→ **Try it**
Nothing should appear in the answer except the lines below from the line containing "外观方面,HR-V与ZR-V" through the line containing "今日は4・5歳児さん達で、離れの畑に行き、さつま芋の苗植えを行ってきました☆", copied exactly, with pictures left out.

→ **Dataset records**
□ □ □ □ □
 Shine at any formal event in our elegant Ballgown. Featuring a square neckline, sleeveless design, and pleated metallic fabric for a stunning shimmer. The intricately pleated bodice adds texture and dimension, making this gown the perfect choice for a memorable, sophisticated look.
□ □ □ □ □
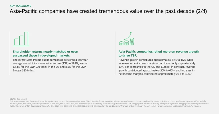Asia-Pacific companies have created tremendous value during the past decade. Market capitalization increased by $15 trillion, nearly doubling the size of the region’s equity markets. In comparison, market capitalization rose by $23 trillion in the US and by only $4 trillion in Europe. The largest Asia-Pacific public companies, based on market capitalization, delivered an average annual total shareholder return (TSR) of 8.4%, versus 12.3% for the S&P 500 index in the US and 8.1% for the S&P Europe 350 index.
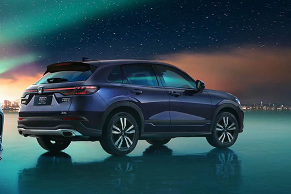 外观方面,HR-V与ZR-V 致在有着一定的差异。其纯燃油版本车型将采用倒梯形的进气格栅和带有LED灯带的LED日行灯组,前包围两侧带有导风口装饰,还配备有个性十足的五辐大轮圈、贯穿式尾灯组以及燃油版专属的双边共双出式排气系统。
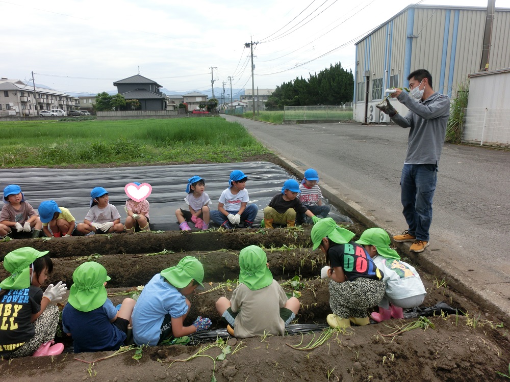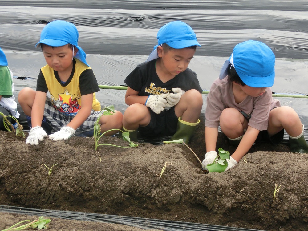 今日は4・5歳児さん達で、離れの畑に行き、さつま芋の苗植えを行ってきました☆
□ □ □ □ □
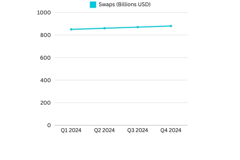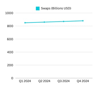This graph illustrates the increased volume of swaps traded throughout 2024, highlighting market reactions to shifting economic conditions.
□ □ □ □ □
→ **Result**
 外观方面,HR-V与ZR-V 致在有着一定的差异。其纯燃油版本车型将采用倒梯形的进气格栅和带有LED灯带的LED日行灯组,前包围两侧带有导风口装饰,还配备有个性十足的五辐大轮圈、贯穿式尾灯组以及燃油版专属的双边共双出式排气系统。
 今日は4・5歳児さん達で、離れの畑に行き、さつま芋の苗植えを行ってきました☆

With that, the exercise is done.